Task to carry out.
Begin at the line that has "Un tappeto copribase", stop after the line that has "6. On and on", and print exactly those lines from the records below, without any pictures.

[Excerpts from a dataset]
□ □ □ □ □ □ □
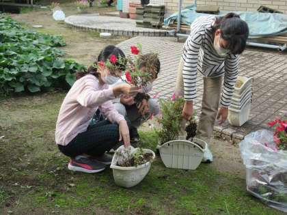 中にはまだ少し咲いているものもありましたが、美しいうちにさようならをすることがお花への思いやりです。このいのちを次へつなぎたい、と種を採っている子供もいました。
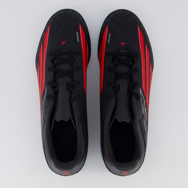 Tecnologia Sprintgrid: Utiliza impressões 3D em pontos estratégicos do cabedal para otimizar o controle e a aderência com a bola durante jogadas velozes. Fiberskin: Cabedal sintético de camadas leves com impressões táteis que oferece suporte, durabilidade e um toque de bola aprimorado. Composição Cabedal (Parte superior): Confeccionado em material sintético Palmilha: Em EVA e removível; facilita na higienização do produto Forro: Revestimento em material têxtil com alcochoamento reforçado Solado: Emborrachado e antiderrapante, colado Lingueta: Fina e flexível Cor Predominante: Preta Indicado para: Society Origem: Nacional Gênero: Masculino Ajuste: Cadarço Peso Aproximado: 590g o par n° 40
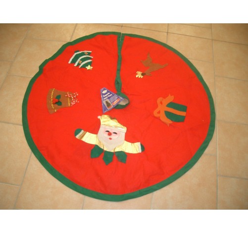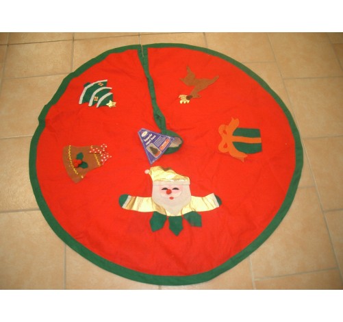 Un tappeto copribase in tessuto decorato del diametro di 110 cm, con comoda apertura a strappo.Adatto a tutti gli alberi di Natale
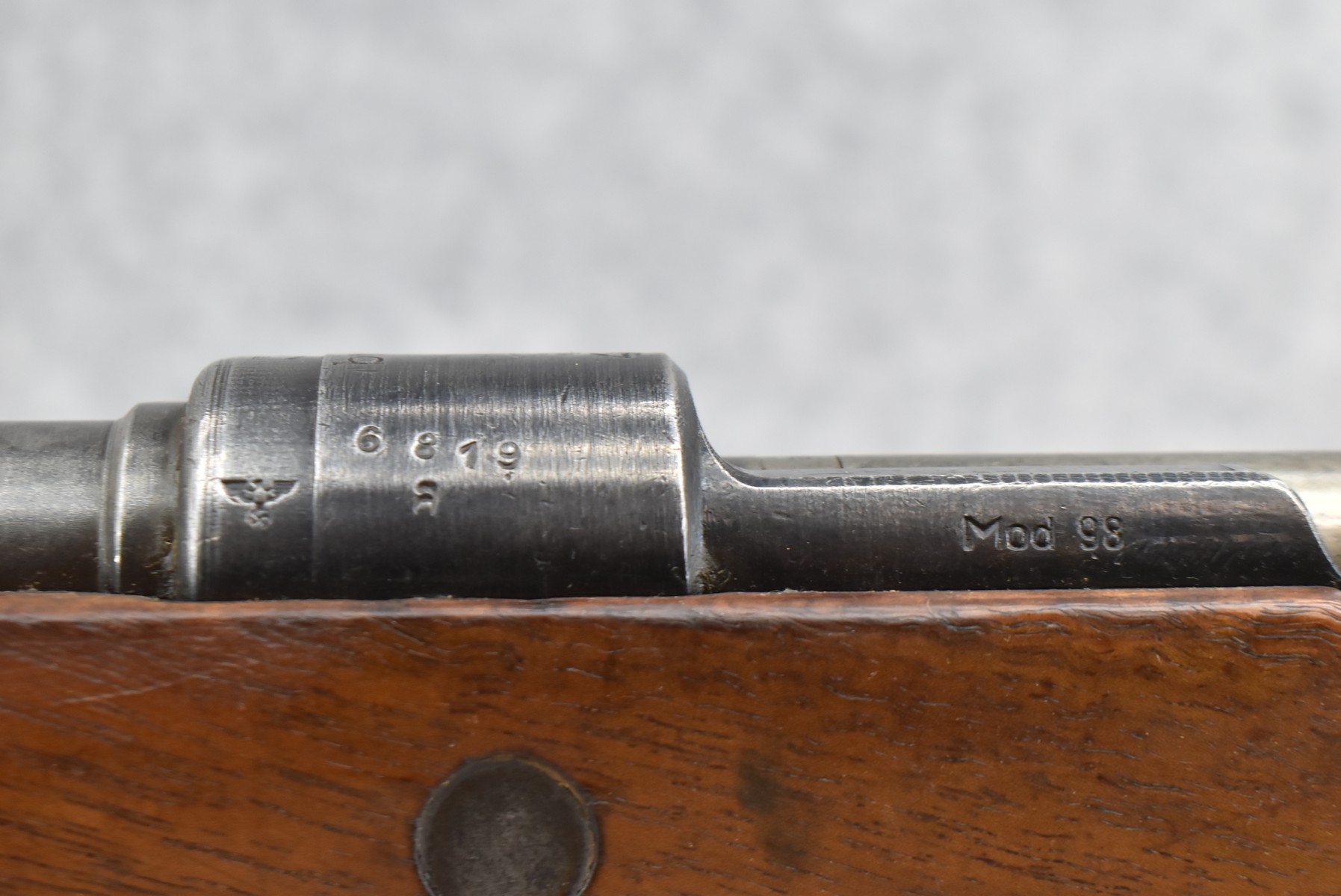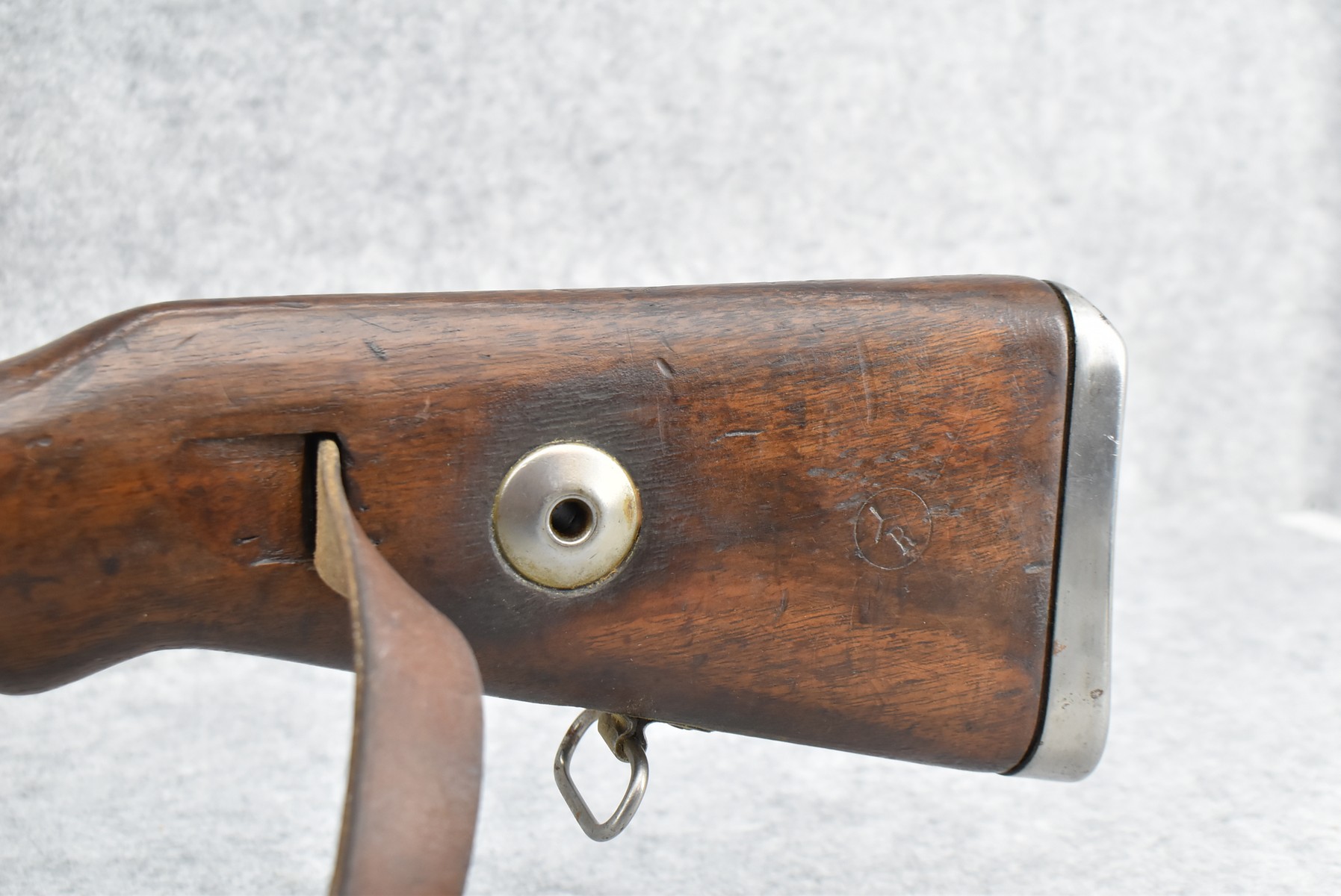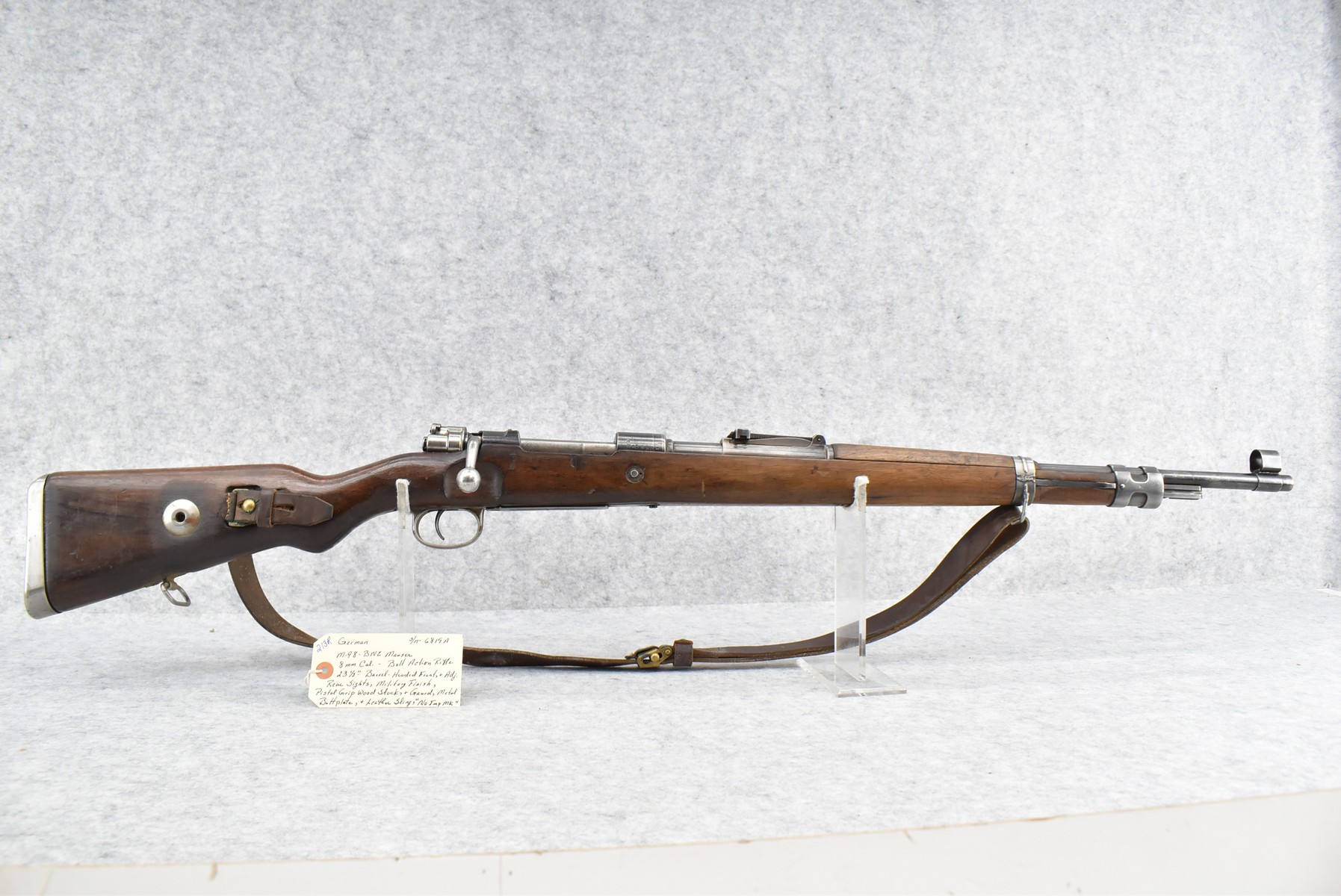 213R. Steyr-Daimler-Puch (German) – Mod. 98k – 8mm Cal. Bolt Action Rifle – w/23 ½” Barrel w/Hooded Front & Adj. Rear Sights – Military Finish – w/Pistol Grip Wood Stocks w/Metal Butt Plate – w/Leather Sling – Mfg. bnz – w/German Proof Markings
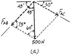 The vertical force acts downward at on the two-membered frame Determine the magnitudes of the two components of directed along the axes of and Set 500 N
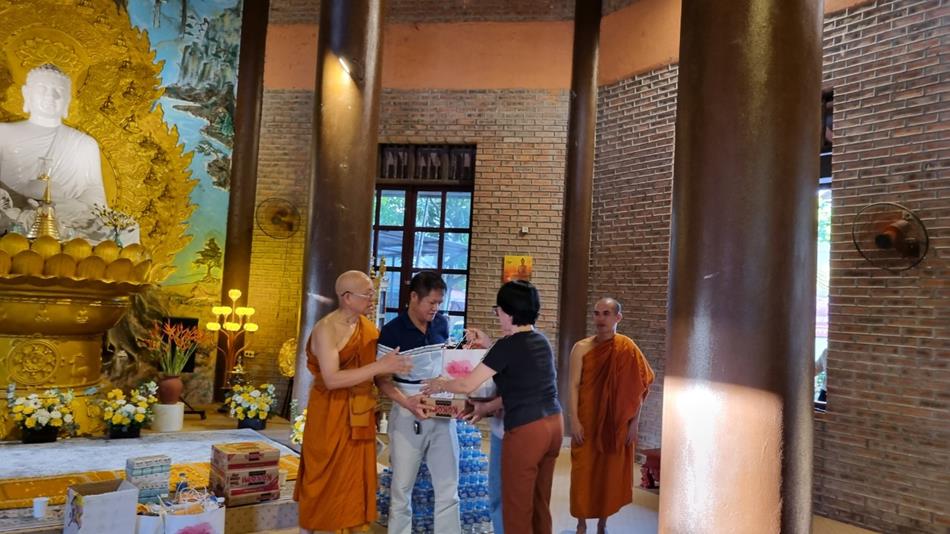พระมหาเถระ ทิกมิงตื่อ เจ้าอาวาสวัดนามเทียนมอบสิ่งของบริจาคให้แก่ครอบครัวที่ยากจนในท้องถิ่น
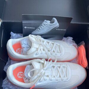 Women's Size 11 (US) white sneaker with apricot bottom and insoles. These have only been worn twice by me. They are super comfortable and a great walking shoe for exploring a new city.
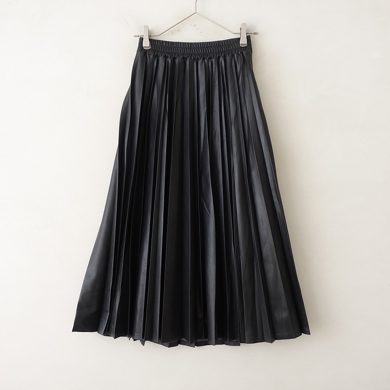 - ズッカ ZUCCA *PUレザープリーツスカート*M黒ブラックロングマキシウエストゴムフェイクレザー(sk33-2501-508)【72B52】
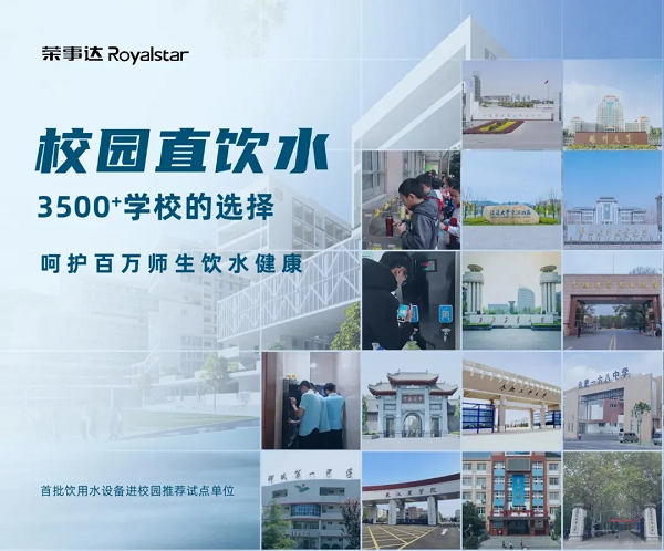榮事達水工業公司作為飲用水設備進校園推薦試點單位,并被教育部《校園飲水設備運維指南》編委會任命為副主任單位,憑借新設計、新模式、新服務等優勢,在業界樹立了良好的口碑。公司先后承建了包括中國科學技術大學、河南大學、武漢商學院在內的3500多所學校的直飲水工程,為千萬師生提供了優質的飲水服務。
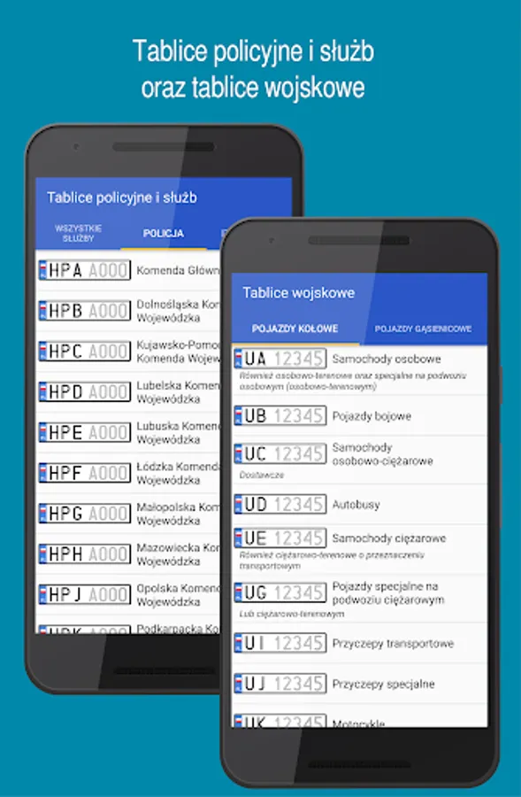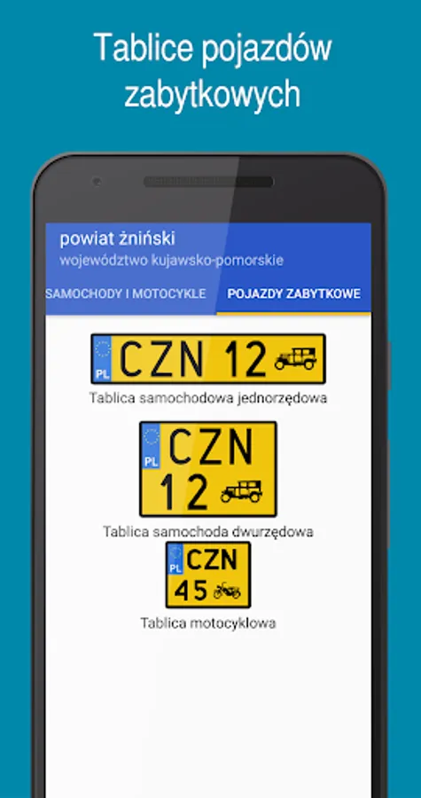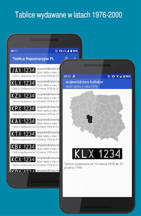 From version 1.0.6, the application also includes plates issued from 1976 to 2000 (the so-called black plates), which are still seen on our roads.
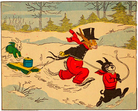 6. On and on raced Uncle Wiggily, helping Peetie pull the sled, while Jackie sat on it holding the pudding. “Why shouldn’t we be afraid, Uncle Wiggily?” asked Jackie. “How can you save us?” The Bob Cat caught up to them and took the cover off the pudding pail. Out popped the hot steam. “Oh, wow! I’m burned!” howled the Bob Cat. “Just what I thought would happen!” said Uncle Wiggily.
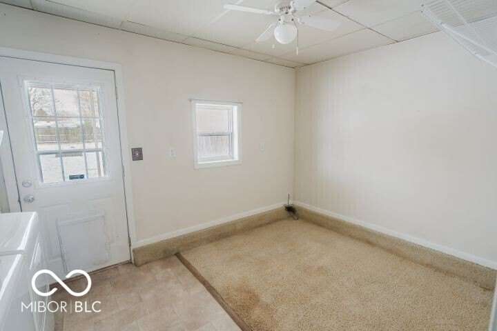Cozy bungalow features 3 bedrooms and 1 full bath. Open living dining room and kitchen that includes electric stove microwave and refrigerator. Mechanical Room - Laundry Room includes washer and dryer. Replacement windows. New septic 2024; New AC motor 2025; New Water Heater 2025. Really nice metal pole barn garage (approx 28x26) with gravel drive; automatic door opener; cement floors; wood stove for heat and a cozy covered porch. Totally fenced in back yard.
□ □ □ □ □ □ □
Task output.
 Un tappeto copribase in tessuto decorato del diametro di 110 cm, con comoda apertura a strappo.Adatto a tutti gli alberi di Natale
 213R. Steyr-Daimler-Puch (German) – Mod. 98k – 8mm Cal. Bolt Action Rifle – w/23 ½” Barrel w/Hooded Front & Adj. Rear Sights – Military Finish – w/Pistol Grip Wood Stocks w/Metal Butt Plate – w/Leather Sling – Mfg. bnz – w/German Proof Markings
 The vertical force acts downward at on the two-membered frame Determine the magnitudes of the two components of directed along the axes of and Set 500 N
พระมหาเถระ ทิกมิงตื่อ เจ้าอาวาสวัดนามเทียนมอบสิ่งของบริจาคให้แก่ครอบครัวที่ยากจนในท้องถิ่น
 Women's Size 11 (US) white sneaker with apricot bottom and insoles. These have only been worn twice by me. They are super comfortable and a great walking shoe for exploring a new city.
 - ズッカ ZUCCA *PUレザープリーツスカート*M黒ブラックロングマキシウエストゴムフェイクレザー(sk33-2501-508)【72B52】
榮事達水工業公司作為飲用水設備進校園推薦試點單位,并被教育部《校園飲水設備運維指南》編委會任命為副主任單位,憑借新設計、新模式、新服務等優勢,在業界樹立了良好的口碑。公司先后承建了包括中國科學技術大學、河南大學、武漢商學院在內的3500多所學校的直飲水工程,為千萬師生提供了優質的飲水服務。
 From version 1.0.6, the application also includes plates issued from 1976 to 2000 (the so-called black plates), which are still seen on our roads.
 6. On and on raced Uncle Wiggily, helping Peetie pull the sled, while Jackie sat on it holding the pudding. “Why shouldn’t we be afraid, Uncle Wiggily?” asked Jackie. “How can you save us?” The Bob Cat caught up to them and took the cover off the pudding pail. Out popped the hot steam. “Oh, wow! I’m burned!” howled the Bob Cat. “Just what I thought would happen!” said Uncle Wiggily.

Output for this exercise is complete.